* **Exercise aim**: Exact duplicates of all the records are needed.

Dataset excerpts
════════

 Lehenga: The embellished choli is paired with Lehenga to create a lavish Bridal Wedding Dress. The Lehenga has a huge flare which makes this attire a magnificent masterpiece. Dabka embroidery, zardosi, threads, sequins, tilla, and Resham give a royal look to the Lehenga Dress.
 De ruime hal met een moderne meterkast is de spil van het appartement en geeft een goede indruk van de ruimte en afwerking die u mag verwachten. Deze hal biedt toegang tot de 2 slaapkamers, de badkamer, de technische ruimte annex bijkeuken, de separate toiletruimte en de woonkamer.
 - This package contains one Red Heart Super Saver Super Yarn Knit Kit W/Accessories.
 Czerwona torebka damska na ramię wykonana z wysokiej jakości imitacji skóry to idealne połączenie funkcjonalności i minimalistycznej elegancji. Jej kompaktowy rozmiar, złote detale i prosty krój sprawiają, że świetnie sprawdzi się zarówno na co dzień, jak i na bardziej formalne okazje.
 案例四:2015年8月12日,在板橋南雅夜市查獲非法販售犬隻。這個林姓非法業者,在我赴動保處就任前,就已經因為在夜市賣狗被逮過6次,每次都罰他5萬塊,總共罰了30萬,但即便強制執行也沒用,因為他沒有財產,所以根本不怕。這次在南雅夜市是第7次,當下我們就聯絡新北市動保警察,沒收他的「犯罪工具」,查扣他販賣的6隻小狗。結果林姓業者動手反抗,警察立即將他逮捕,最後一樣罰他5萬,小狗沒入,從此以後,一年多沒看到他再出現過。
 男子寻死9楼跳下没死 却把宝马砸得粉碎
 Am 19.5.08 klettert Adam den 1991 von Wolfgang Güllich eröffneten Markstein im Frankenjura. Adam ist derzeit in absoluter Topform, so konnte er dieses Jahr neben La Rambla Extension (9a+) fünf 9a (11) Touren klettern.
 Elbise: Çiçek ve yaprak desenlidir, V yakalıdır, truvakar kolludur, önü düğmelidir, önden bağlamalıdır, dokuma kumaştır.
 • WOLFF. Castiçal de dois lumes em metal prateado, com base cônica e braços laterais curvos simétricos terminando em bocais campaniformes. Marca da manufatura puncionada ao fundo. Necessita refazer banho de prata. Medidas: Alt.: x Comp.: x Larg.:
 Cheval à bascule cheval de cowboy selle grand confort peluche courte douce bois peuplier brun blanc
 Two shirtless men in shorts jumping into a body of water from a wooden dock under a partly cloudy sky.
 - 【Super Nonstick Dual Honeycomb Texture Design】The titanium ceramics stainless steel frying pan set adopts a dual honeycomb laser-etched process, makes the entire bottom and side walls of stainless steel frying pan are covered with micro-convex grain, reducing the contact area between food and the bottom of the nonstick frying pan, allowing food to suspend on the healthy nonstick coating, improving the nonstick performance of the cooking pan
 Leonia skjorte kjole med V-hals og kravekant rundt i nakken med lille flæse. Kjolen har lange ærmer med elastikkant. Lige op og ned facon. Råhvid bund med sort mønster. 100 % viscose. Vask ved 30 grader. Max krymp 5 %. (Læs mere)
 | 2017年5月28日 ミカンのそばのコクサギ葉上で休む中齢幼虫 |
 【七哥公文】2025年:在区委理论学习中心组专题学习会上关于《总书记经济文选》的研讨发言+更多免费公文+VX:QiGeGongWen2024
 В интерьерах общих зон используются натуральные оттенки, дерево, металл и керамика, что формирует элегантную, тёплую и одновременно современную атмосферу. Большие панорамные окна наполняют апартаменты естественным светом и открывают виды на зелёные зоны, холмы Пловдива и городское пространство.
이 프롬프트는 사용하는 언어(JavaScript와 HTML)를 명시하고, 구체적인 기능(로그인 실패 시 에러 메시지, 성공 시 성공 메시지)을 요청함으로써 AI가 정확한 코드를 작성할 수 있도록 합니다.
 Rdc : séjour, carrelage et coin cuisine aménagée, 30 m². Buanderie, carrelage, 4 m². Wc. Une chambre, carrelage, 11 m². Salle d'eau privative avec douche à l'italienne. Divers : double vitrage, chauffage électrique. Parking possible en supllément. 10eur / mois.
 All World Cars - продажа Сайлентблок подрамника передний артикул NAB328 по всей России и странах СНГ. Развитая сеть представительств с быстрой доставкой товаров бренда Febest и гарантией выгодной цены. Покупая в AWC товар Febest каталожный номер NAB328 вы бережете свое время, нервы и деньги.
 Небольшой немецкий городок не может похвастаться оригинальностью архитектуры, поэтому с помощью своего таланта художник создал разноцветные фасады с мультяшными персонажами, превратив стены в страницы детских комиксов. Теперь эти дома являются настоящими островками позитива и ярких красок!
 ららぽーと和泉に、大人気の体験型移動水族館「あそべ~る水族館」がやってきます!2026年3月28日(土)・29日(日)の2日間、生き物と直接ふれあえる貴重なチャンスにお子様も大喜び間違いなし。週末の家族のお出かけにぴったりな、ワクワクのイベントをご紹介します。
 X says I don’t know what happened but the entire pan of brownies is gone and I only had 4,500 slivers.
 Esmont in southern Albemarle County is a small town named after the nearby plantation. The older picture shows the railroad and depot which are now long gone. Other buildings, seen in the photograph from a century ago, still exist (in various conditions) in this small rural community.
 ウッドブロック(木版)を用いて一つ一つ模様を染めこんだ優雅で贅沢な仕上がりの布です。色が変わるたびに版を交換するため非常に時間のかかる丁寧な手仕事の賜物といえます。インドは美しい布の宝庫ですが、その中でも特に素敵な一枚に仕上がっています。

════════

* **Result**:
 Lehenga: The embellished choli is paired with Lehenga to create a lavish Bridal Wedding Dress. The Lehenga has a huge flare which makes this attire a magnificent masterpiece. Dabka embroidery, zardosi, threads, sequins, tilla, and Resham give a royal look to the Lehenga Dress.
 De ruime hal met een moderne meterkast is de spil van het appartement en geeft een goede indruk van de ruimte en afwerking die u mag verwachten. Deze hal biedt toegang tot de 2 slaapkamers, de badkamer, de technische ruimte annex bijkeuken, de separate toiletruimte en de woonkamer.
 - This package contains one Red Heart Super Saver Super Yarn Knit Kit W/Accessories.
 Czerwona torebka damska na ramię wykonana z wysokiej jakości imitacji skóry to idealne połączenie funkcjonalności i minimalistycznej elegancji. Jej kompaktowy rozmiar, złote detale i prosty krój sprawiają, że świetnie sprawdzi się zarówno na co dzień, jak i na bardziej formalne okazje.
 案例四:2015年8月12日,在板橋南雅夜市查獲非法販售犬隻。這個林姓非法業者,在我赴動保處就任前,就已經因為在夜市賣狗被逮過6次,每次都罰他5萬塊,總共罰了30萬,但即便強制執行也沒用,因為他沒有財產,所以根本不怕。這次在南雅夜市是第7次,當下我們就聯絡新北市動保警察,沒收他的「犯罪工具」,查扣他販賣的6隻小狗。結果林姓業者動手反抗,警察立即將他逮捕,最後一樣罰他5萬,小狗沒入,從此以後,一年多沒看到他再出現過。
 男子寻死9楼跳下没死 却把宝马砸得粉碎
 Am 19.5.08 klettert Adam den 1991 von Wolfgang Güllich eröffneten Markstein im Frankenjura. Adam ist derzeit in absoluter Topform, so konnte er dieses Jahr neben La Rambla Extension (9a+) fünf 9a (11) Touren klettern.
 Elbise: Çiçek ve yaprak desenlidir, V yakalıdır, truvakar kolludur, önü düğmelidir, önden bağlamalıdır, dokuma kumaştır.
 • WOLFF. Castiçal de dois lumes em metal prateado, com base cônica e braços laterais curvos simétricos terminando em bocais campaniformes. Marca da manufatura puncionada ao fundo. Necessita refazer banho de prata. Medidas: Alt.: x Comp.: x Larg.:
 Cheval à bascule cheval de cowboy selle grand confort peluche courte douce bois peuplier brun blanc
 Two shirtless men in shorts jumping into a body of water from a wooden dock under a partly cloudy sky.
 - 【Super Nonstick Dual Honeycomb Texture Design】The titanium ceramics stainless steel frying pan set adopts a dual honeycomb laser-etched process, makes the entire bottom and side walls of stainless steel frying pan are covered with micro-convex grain, reducing the contact area between food and the bottom of the nonstick frying pan, allowing food to suspend on the healthy nonstick coating, improving the nonstick performance of the cooking pan
 Leonia skjorte kjole med V-hals og kravekant rundt i nakken med lille flæse. Kjolen har lange ærmer med elastikkant. Lige op og ned facon. Råhvid bund med sort mønster. 100 % viscose. Vask ved 30 grader. Max krymp 5 %. (Læs mere)
 | 2017年5月28日 ミカンのそばのコクサギ葉上で休む中齢幼虫 |
 【七哥公文】2025年:在区委理论学习中心组专题学习会上关于《总书记经济文选》的研讨发言+更多免费公文+VX:QiGeGongWen2024
 В интерьерах общих зон используются натуральные оттенки, дерево, металл и керамика, что формирует элегантную, тёплую и одновременно современную атмосферу. Большие панорамные окна наполняют апартаменты естественным светом и открывают виды на зелёные зоны, холмы Пловдива и городское пространство.
이 프롬프트는 사용하는 언어(JavaScript와 HTML)를 명시하고, 구체적인 기능(로그인 실패 시 에러 메시지, 성공 시 성공 메시지)을 요청함으로써 AI가 정확한 코드를 작성할 수 있도록 합니다.
 Rdc : séjour, carrelage et coin cuisine aménagée, 30 m². Buanderie, carrelage, 4 m². Wc. Une chambre, carrelage, 11 m². Salle d'eau privative avec douche à l'italienne. Divers : double vitrage, chauffage électrique. Parking possible en supllément. 10eur / mois.
 All World Cars - продажа Сайлентблок подрамника передний артикул NAB328 по всей России и странах СНГ. Развитая сеть представительств с быстрой доставкой товаров бренда Febest и гарантией выгодной цены. Покупая в AWC товар Febest каталожный номер NAB328 вы бережете свое время, нервы и деньги.
 Небольшой немецкий городок не может похвастаться оригинальностью архитектуры, поэтому с помощью своего таланта художник создал разноцветные фасады с мультяшными персонажами, превратив стены в страницы детских комиксов. Теперь эти дома являются настоящими островками позитива и ярких красок!
 ららぽーと和泉に、大人気の体験型移動水族館「あそべ~る水族館」がやってきます!2026年3月28日(土)・29日(日)の2日間、生き物と直接ふれあえる貴重なチャンスにお子様も大喜び間違いなし。週末の家族のお出かけにぴったりな、ワクワクのイベントをご紹介します。
 X says I don’t know what happened but the entire pan of brownies is gone and I only had 4,500 slivers.
 Esmont in southern Albemarle County is a small town named after the nearby plantation. The older picture shows the railroad and depot which are now long gone. Other buildings, seen in the photograph from a century ago, still exist (in various conditions) in this small rural community.
 ウッドブロック(木版)を用いて一つ一つ模様を染めこんだ優雅で贅沢な仕上がりの布です。色が変わるたびに版を交換するため非常に時間のかかる丁寧な手仕事の賜物といえます。インドは美しい布の宝庫ですが、その中でも特に素敵な一枚に仕上がっています。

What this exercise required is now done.